Each genome assembly, as described above, was fragmented using the EMBOSS tool splitter38 to create a 10x genome equivalent redundant set of 50 kb reads. These reads were then mapped onto every other genome assembly using the tool NGMLR39. Finally, the software SVIM40 was run under default parameters to parse the mapping output. Only insertions, deletions and tandem duplications up to a maximum length of 25 Kb were considered in this analysis.

The results of this analysis identified several thousand insertions and deletions whenever an assembly was compared to any other. Greater variability was found between varieties belonging to different major groups (e.g. Geng-japonica [GJ] vs. Xian-indica [XI] than occurred between those within these groups. The amount of genome sequences with structural variation between any two varieties ranged from 17.57 Mb to 41.54 Mb for those belonging to the indica (XI) varietal group (avg: 31.75 Mb) and from 18.55 Mb to 23.07 Mb (avg: 21.00 Mb) for those in the japonica (GJ) varietal group. When all 16 genomes are considered together, the range is between 17.57 Mb and 41.54 Mb, with an average value of 33.70 Mb (TableS6). The total unshared fraction collected out of all pairwise comparisons was composed for 89.89% by TE related sequences.

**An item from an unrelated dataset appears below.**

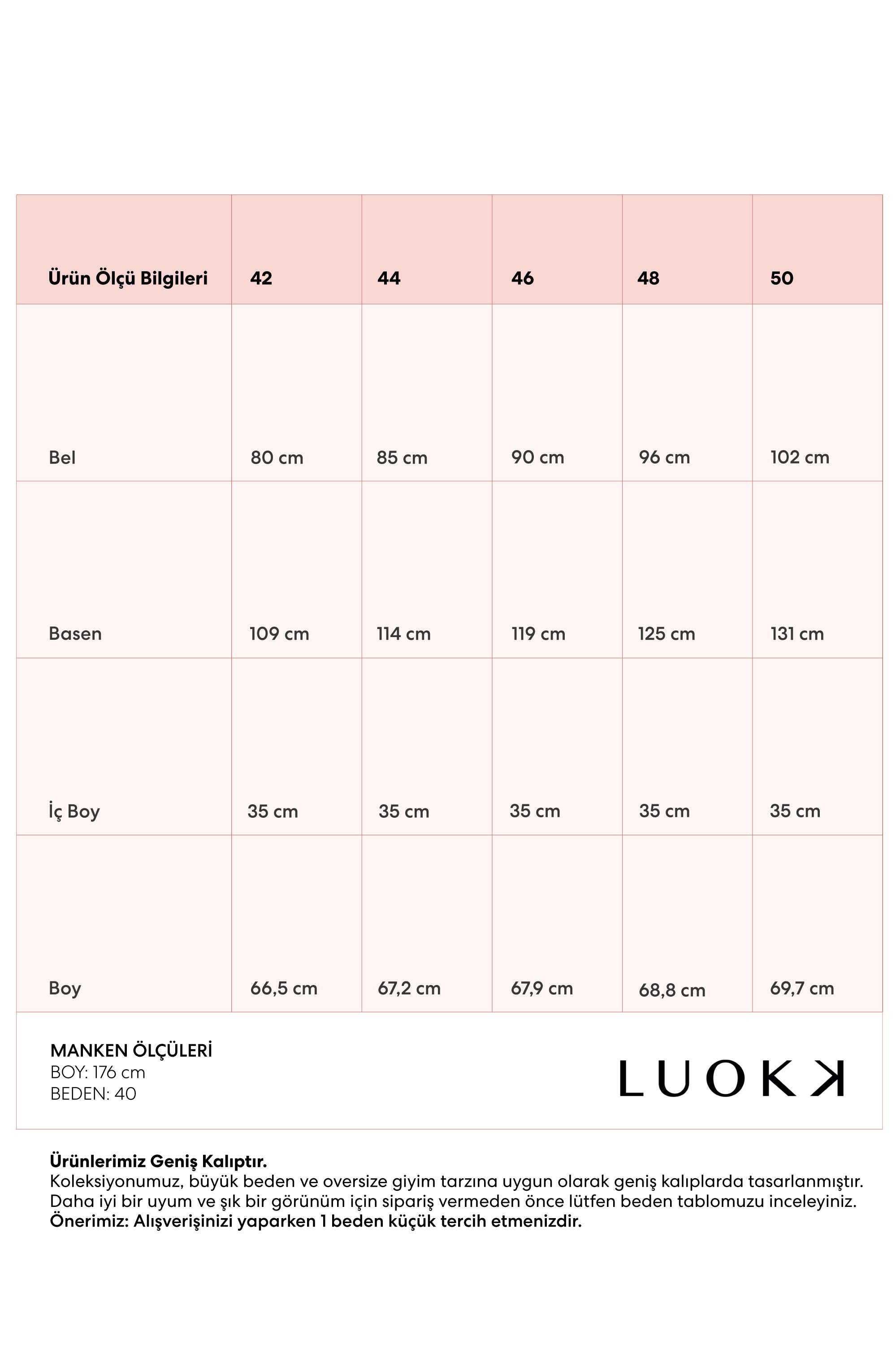 | Ürün Ölçü Bilgileri | 42 | 44 | 46 | 48 | 50 |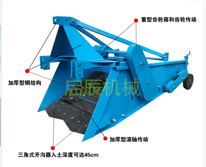本产品性能好,效率高。主要用于收获当归、黄芪、板蓝根等深层地下根茎农作物。具有收获效率高、破坏率低、运转轻快无振动、不堵草、漏土快、使用寿命长等特点。

A platinum standard pan-genome resource that represents the population structure of Asian rice (2024)

References

Top Articles
DreamWorks Animation/Summary
DreamWorks Pictures - Closing Logos
Edina Omni Portal
فیلم رهگیر دوبله فارسی بدون سانسور نماشا
1970 Chevelle Ss For Sale Craigslist
No Hard Feelings Showtimes Near Metropolitan Fiesta 5 Theatre
How Far Is Chattanooga From Here
Needle Nose Peterbilt For Sale Craigslist
Employeeres Ual
Edgar And Herschel Trivia Questions
Helloid Worthington Login
Tokioof
Https://Store-Kronos.kohls.com/Wfc
Northern Whooping Crane Festival highlights conservation and collaboration in Fort Smith, N.W.T. | CBC News
boohoo group plc Stock (BOO) - Quote London S.E.- MarketScreener
Michigan cannot fire coach Sherrone Moore for cause for known NCAA violations in sign-stealing case
Clear Fork Progress Book
The Ultimate Style Guide To Casual Dress Code For Women
Loves Employee Pay Stub
Delaware Skip The Games
Bernie Platt, former Cherry Hill mayor and funeral home magnate, has died at 90
Melissababy
Stoney's Pizza & Gaming Parlor Danville Menu
Sussyclassroom
Bjerrum difference plots - Big Chemical Encyclopedia
Japanese Mushrooms: 10 Popular Varieties and Simple Recipes - Japan Travel Guide MATCHA
Understanding Gestalt Principles: Definition and Examples
The Eight of Cups Tarot Card Meaning - The Ultimate Guide
Wolfwalkers 123Movies
Weather Underground Durham
Rek Funerals
Hannah Jewell
Frequently Asked Questions - Hy-Vee PERKS
Pnc Bank Routing Number Cincinnati
Gideon Nicole Riddley Read Online Free
Peter Vigilante Biography, Net Worth, Age, Height, Family, Girlfriend
Craigslist Red Wing Mn
Laurin Funeral Home | Buried In Work
Pokemon Reborn Locations
Taylor University Baseball Roster
Craigslist En Brownsville Texas
Lonely Wife Dating Club בקורות וחוות דעת משתמשים 2021
Callie Gullickson Eye Patches
Carteret County Busted Paper
Disassemble Malm Bed Frame
Todd Gutner Salary
Exploring the Digital Marketplace: A Guide to Craigslist Miami
The Average Amount of Calories in a Poke Bowl | Grubby's Poke
Egg Inc Wiki
Motorcycle For Sale In Deep East Texas By Owner
Noelleleyva Leaks
Lake County Fl Trash Pickup Schedule
Latest Posts
Article information

Author: Kerri Lueilwitz

Last Updated:

Views: 5769

Rating: 4.7 / 5 (47 voted)

Reviews: 94% of readers found this page helpful

Author information

Name: Kerri Lueilwitz

Birthday: 1992-10-31

Address: Suite 878 3699 Chantelle Roads, Colebury, NC 68599

Phone: +6111989609516

Job: Chief Farming Manager

Hobby: Mycology, Stone skipping, Dowsing, Whittling, Taxidermy, Sand art, Roller skating

Introduction: My name is Kerri Lueilwitz, I am a courageous, gentle, quaint, thankful, outstanding, brave, vast person who loves writing and wants to share my knowledge and understanding with you.